The Corsan project may be used as a framework for future water infrastructure projects in Brazil.
The Corsan project may be used as a framework for future water infrastructure projects in Brazil.  Photo: Courtesy of Corsan

"Water and sanitation are the number one priority of IFC in the country. Investments in critical infrastructure are key to ensure that Brazil has steady supplies of water and continued sustainable development, and we hope that this project provides the framework for future water infrastructure projects," says Carlos Leiria Pinto, IFC's Country Manager in Brazil.

The investment in Corsan is aligned with IFC's water and sanitation services sector strategy, which makes it a priority to engage with creditworthy utilities, including private and subnational utilities, to achieve scale and impact.

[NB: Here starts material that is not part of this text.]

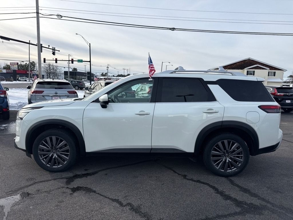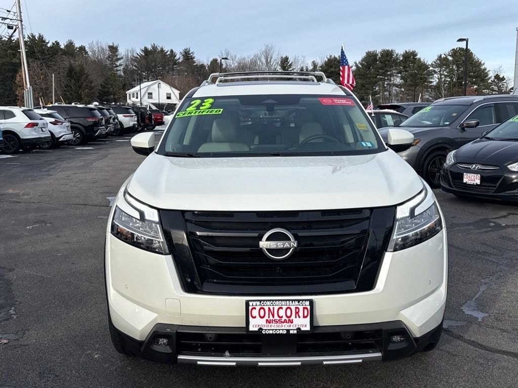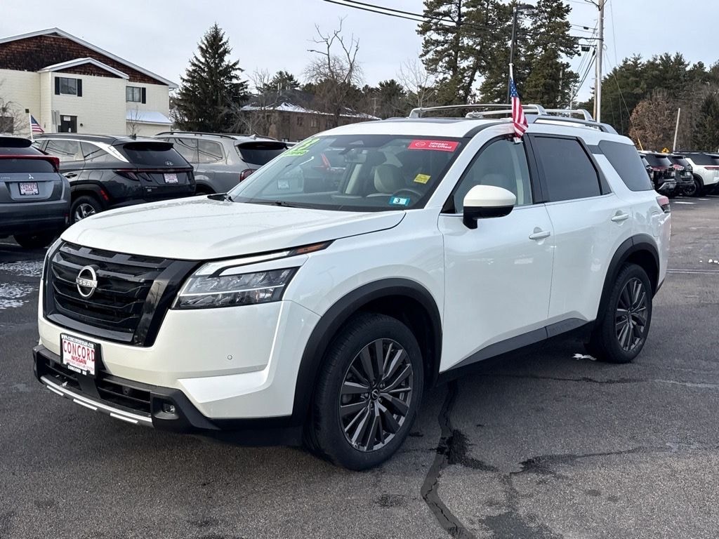 Pearl White Tricoat 2023 Nissan Pathfinder SL 4WD 9-Speed Automatic V6 CARFAX One-Owner. Clean CARFAX. Pathfinder SL, 4D Sport Utility, 9-Speed Automatic, 4WD, Pearl White Tricoat, Light Gray Leather, 20" Painted Alloy Wheels, 2nd-Row Captain Chairs, 2nd-Row Removable Center Console, Black Appearance Package, Black Grille (K10), Black Liftgate Emblems, Bose Premium Audio System, Cross Bars, Electronic Stability Control, Exterior Parking Camera Rear, Garage door transmitter: HomeLink, Heated door mirrors, Heated Front Bucket Seats, Heated Rear Seats, Illuminated entry, Illuminated Kick Plate, Leather Seating Surfaces, LED Fog Lamps, Lighting Package (N92), Low tire pressure warning, Navigation system: NissanConnect Navigation, Panoramic Moonroof, Pathfinder Wordmark, Power door mirrors, Power driver seat, Power Liftgate, Remote keyless entry, Security system, SL Premium Package, Spoiler, Tow Hitch Receiver & Harness, Traction control, Turn signal indicator mirrors, Welcome Lighting.
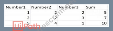 Consider testing a workflow that computes the sum of two numbers having the data driven test data from the Excel file below: Expanding the functionality of the workflow to compute the sum of three numbers, the data needs to be updated as well to accommodate the new scenario: What are steps to do that?

Notably, the green and sustainability linked loan is one of IFC's first SLL investments in infrastructure globally. SLLs give borrowers a financial incentive to achieve targets linked to the Sustainable Development Goals (SDGs). In Corsan’s case, the target is linked to SDG6, which aims to “ensure availability and sustainable management of water and sanitation for all”. If Corsan is able to meet the 35 percent target in water losses by 2024 as officially reported to the Brazilian Water Information System, then it will benefit from a decrease in the loan's interest rate.

Over the last decade, constrained public sector investments and limited utilization of private capital stymied Brazil’s progress in improving water and sewage services. That changed, however, with the issuance of a new federal legal framework in July 2020 to modify the sector’s regulatory framework. The law mandates that coverage must reach 99 percent for water and 90 percent for sewage collection and treatment by 2033.

To achieve these coverage targets, the new law prioritizes the delivery of services and encourages utilization of private capital to meet investment needs, estimated at 750 billion reais ($140 billion). Utilities can attract such capital through debt financing, public-private partnerships, initial public offerings and other instruments. The water and sanitation sector in Brazil is currently dominated by state-owned water utilities that serve three quarters of the population, while private companies cover less than 10 percent, with municipalities serving the rest.

Water and sanitation are essential to human health and a prerequisite for economic growth. By tapping into private sector finance, Rio Grande do Sul is opening new avenues of development impact that will make a measurable difference for its people and communities, particularly in the face of ongoing climate change.